EXERCISE: Repeat exactly the lines of the material below that run from the "Materiali per costumi" line to the "Schulungsraum in Eschen" line, including both, and do not carry over any pictures.
*** DATASET EXCERPTS ***
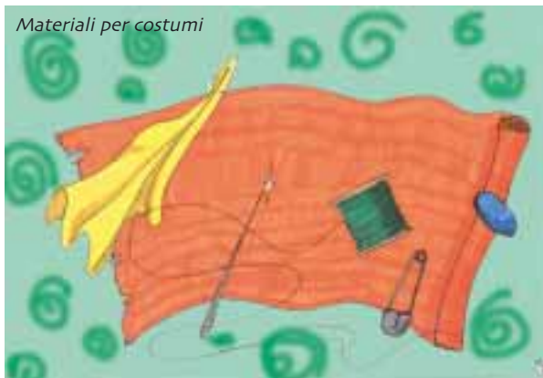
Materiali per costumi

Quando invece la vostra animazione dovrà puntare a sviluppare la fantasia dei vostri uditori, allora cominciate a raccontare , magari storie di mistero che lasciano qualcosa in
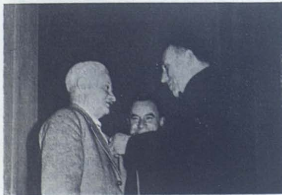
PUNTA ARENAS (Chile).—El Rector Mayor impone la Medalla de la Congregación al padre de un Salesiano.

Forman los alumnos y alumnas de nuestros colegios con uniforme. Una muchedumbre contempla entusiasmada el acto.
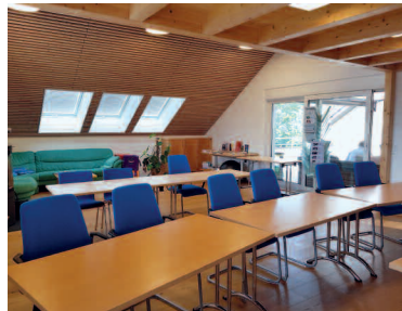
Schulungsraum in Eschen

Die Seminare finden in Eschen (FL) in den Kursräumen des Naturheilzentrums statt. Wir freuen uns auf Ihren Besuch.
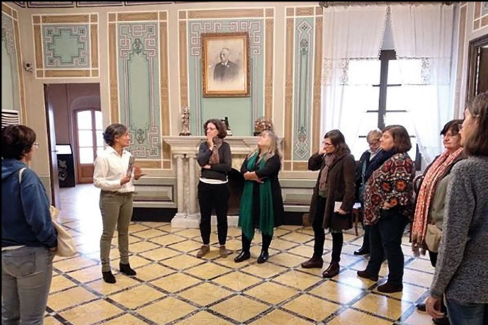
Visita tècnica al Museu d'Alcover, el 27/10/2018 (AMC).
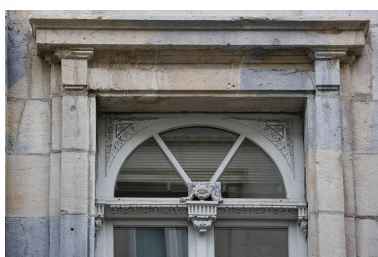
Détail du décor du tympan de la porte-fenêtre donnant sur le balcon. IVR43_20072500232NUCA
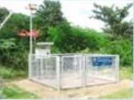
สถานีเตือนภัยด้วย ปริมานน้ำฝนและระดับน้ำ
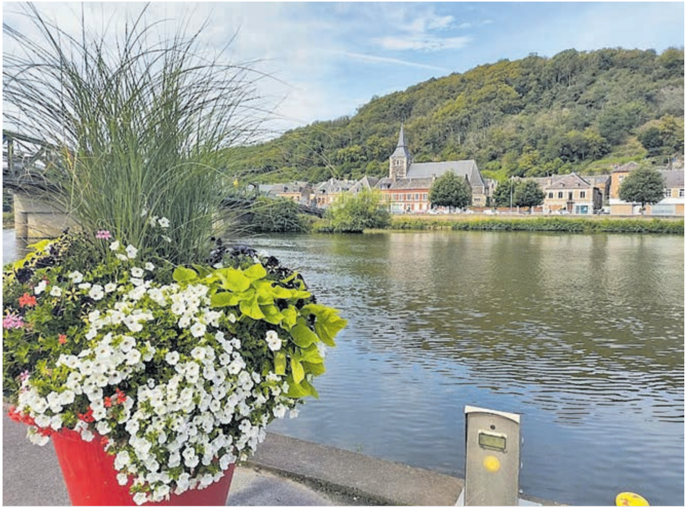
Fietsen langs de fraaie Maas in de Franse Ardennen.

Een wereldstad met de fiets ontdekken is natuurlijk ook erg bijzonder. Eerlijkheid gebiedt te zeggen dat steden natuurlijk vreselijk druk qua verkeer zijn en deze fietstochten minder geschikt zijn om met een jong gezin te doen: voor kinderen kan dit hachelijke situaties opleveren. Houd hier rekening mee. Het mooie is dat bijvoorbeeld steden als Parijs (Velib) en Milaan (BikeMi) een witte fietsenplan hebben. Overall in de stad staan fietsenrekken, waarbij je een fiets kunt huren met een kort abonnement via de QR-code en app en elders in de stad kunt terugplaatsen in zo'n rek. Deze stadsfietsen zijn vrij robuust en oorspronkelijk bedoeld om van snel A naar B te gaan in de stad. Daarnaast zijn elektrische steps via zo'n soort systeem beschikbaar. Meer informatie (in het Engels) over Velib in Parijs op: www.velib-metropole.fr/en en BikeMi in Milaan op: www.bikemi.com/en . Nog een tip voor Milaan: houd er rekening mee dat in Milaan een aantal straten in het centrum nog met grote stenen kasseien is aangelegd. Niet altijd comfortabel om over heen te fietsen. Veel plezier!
***
*** DATASET EXCERPTS ***
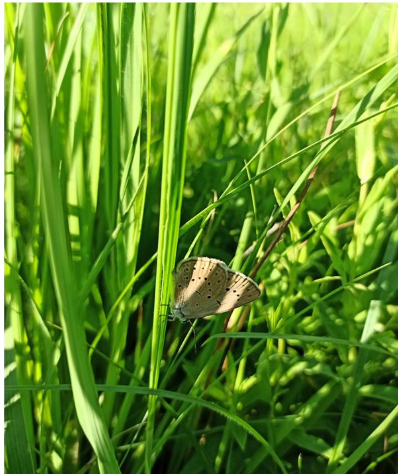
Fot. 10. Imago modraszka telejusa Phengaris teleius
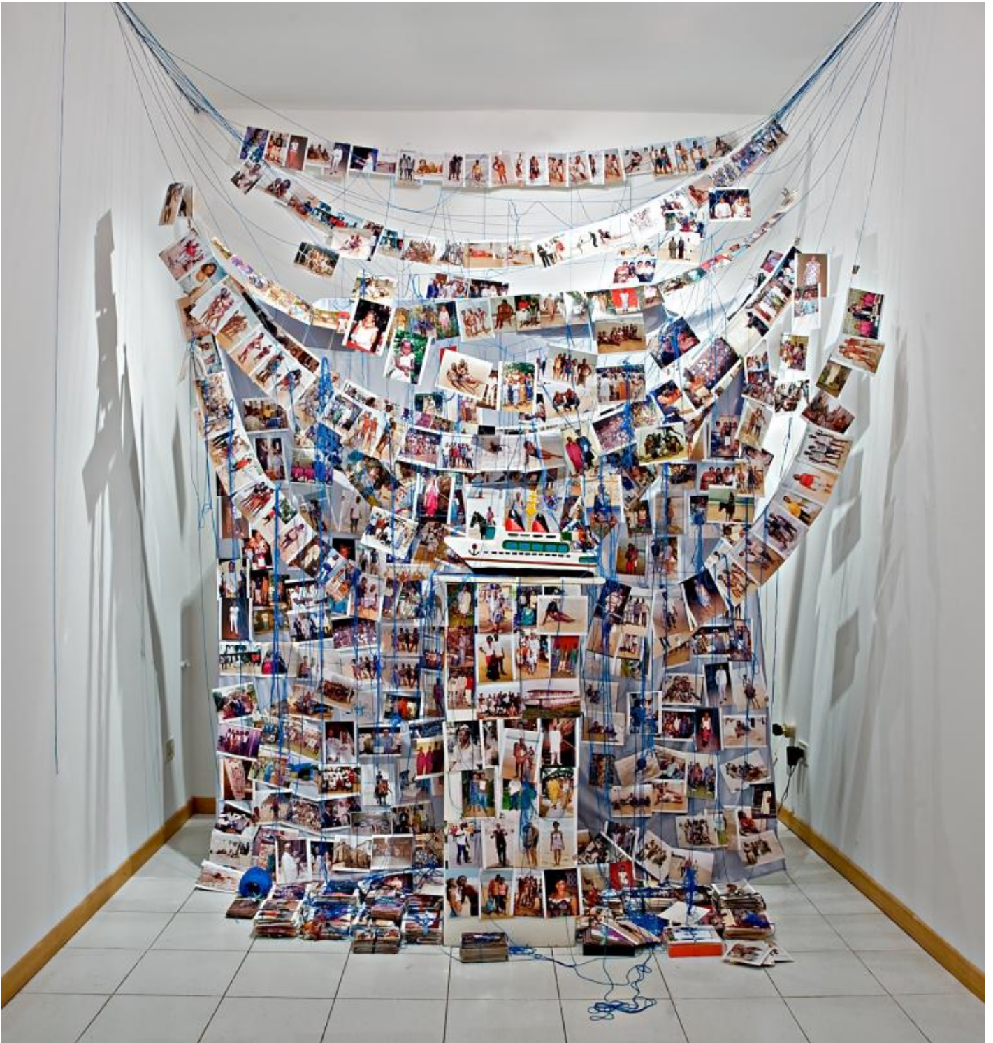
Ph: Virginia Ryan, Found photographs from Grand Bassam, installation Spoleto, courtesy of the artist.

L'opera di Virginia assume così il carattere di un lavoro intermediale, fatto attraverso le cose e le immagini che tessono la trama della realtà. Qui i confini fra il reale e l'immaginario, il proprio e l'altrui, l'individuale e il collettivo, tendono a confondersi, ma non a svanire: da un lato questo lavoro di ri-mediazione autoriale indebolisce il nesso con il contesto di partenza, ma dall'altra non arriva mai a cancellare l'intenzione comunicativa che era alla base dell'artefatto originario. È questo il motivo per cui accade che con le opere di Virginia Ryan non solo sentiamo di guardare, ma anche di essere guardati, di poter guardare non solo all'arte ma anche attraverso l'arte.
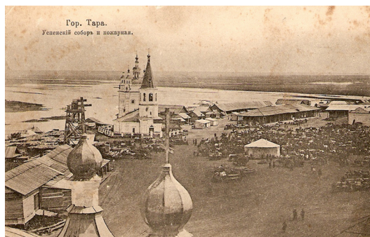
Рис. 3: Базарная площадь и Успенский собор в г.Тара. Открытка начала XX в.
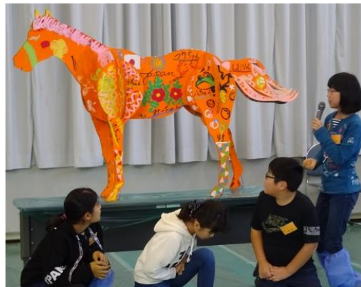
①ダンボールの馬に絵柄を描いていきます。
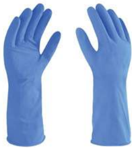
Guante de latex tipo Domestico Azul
***
*** DATASET EXCERPTS ***
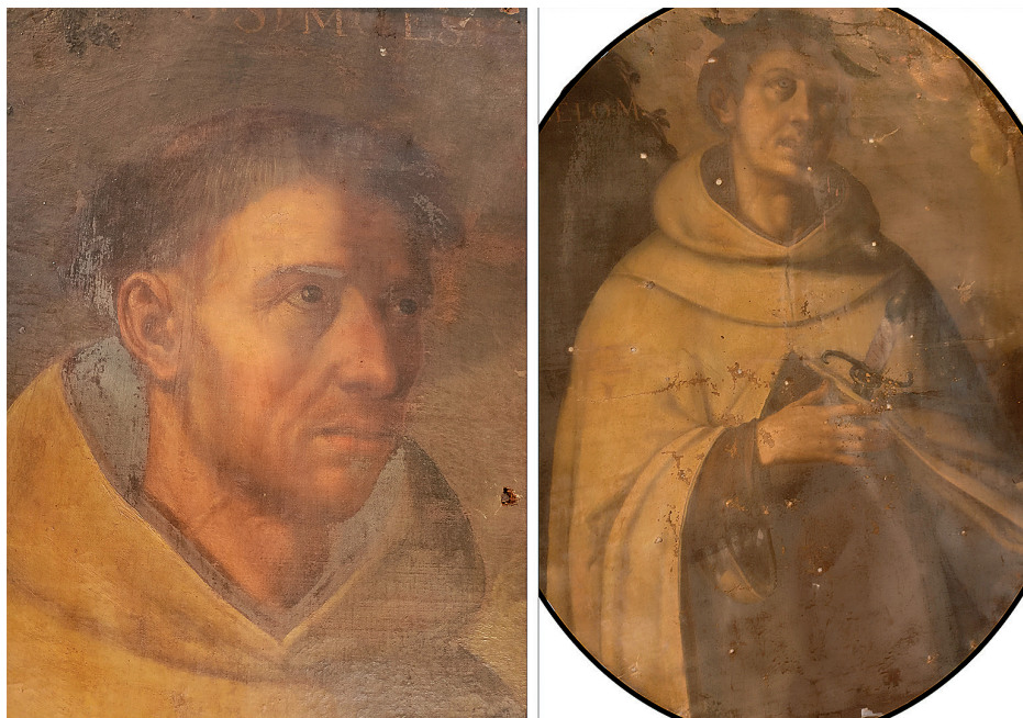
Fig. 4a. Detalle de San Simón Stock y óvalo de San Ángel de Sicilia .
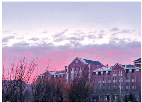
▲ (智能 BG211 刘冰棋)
***
RESPONSE TO THE TASK:
Materiali per costumi

Quando invece la vostra animazione dovrà puntare a sviluppare la fantasia dei vostri uditori, allora cominciate a raccontare , magari storie di mistero che lasciano qualcosa in
PUNTA ARENAS (Chile).—El Rector Mayor impone la Medalla de la Congregación al padre de un Salesiano.

Forman los alumnos y alumnas de nuestros colegios con uniforme. Una muchedumbre contempla entusiasmada el acto.
Schulungsraum in Eschen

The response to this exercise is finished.